[ACTIVITY]:
Copy out exactly the lines from the one containing "This exquisite Nomadic" to the end of the records below, both included, and nothing else.

########################################

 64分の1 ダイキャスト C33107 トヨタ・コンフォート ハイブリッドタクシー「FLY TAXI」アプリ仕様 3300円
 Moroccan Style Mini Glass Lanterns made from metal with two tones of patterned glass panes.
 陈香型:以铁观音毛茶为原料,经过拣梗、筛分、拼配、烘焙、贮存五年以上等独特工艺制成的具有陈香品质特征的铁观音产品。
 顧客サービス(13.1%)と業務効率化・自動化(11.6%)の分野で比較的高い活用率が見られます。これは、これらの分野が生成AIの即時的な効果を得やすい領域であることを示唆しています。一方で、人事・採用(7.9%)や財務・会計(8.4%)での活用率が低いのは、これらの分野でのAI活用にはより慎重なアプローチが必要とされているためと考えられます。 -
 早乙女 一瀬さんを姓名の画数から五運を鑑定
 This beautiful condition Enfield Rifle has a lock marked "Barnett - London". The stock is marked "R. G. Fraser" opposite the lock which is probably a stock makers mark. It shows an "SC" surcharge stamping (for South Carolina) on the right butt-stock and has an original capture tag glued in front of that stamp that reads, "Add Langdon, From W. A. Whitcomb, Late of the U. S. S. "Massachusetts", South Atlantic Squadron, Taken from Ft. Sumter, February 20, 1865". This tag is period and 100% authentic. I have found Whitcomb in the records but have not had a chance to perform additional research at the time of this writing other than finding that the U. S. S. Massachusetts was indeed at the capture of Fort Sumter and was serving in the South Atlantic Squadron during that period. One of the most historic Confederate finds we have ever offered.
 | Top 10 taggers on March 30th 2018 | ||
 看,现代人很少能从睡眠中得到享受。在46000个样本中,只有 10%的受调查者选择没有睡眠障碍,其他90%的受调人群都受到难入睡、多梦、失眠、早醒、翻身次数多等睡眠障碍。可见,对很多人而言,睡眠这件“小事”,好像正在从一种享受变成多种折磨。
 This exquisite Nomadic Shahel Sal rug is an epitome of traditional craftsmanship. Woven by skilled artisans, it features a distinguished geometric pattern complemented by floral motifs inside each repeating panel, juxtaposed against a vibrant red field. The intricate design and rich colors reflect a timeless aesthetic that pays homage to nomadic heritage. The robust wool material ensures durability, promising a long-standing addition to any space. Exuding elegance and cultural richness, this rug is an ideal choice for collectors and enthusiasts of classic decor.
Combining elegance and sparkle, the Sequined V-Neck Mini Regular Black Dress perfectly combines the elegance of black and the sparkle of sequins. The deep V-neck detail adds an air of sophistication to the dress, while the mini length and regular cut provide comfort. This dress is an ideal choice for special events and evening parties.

########################################

[COMPLETED EXERCISE]:
 This exquisite Nomadic Shahel Sal rug is an epitome of traditional craftsmanship. Woven by skilled artisans, it features a distinguished geometric pattern complemented by floral motifs inside each repeating panel, juxtaposed against a vibrant red field. The intricate design and rich colors reflect a timeless aesthetic that pays homage to nomadic heritage. The robust wool material ensures durability, promising a long-standing addition to any space. Exuding elegance and cultural richness, this rug is an ideal choice for collectors and enthusiasts of classic decor.
Combining elegance and sparkle, the Sequined V-Neck Mini Regular Black Dress perfectly combines the elegance of black and the sparkle of sequins. The deep V-neck detail adds an air of sophistication to the dress, while the mini length and regular cut provide comfort. This dress is an ideal choice for special events and evening parties.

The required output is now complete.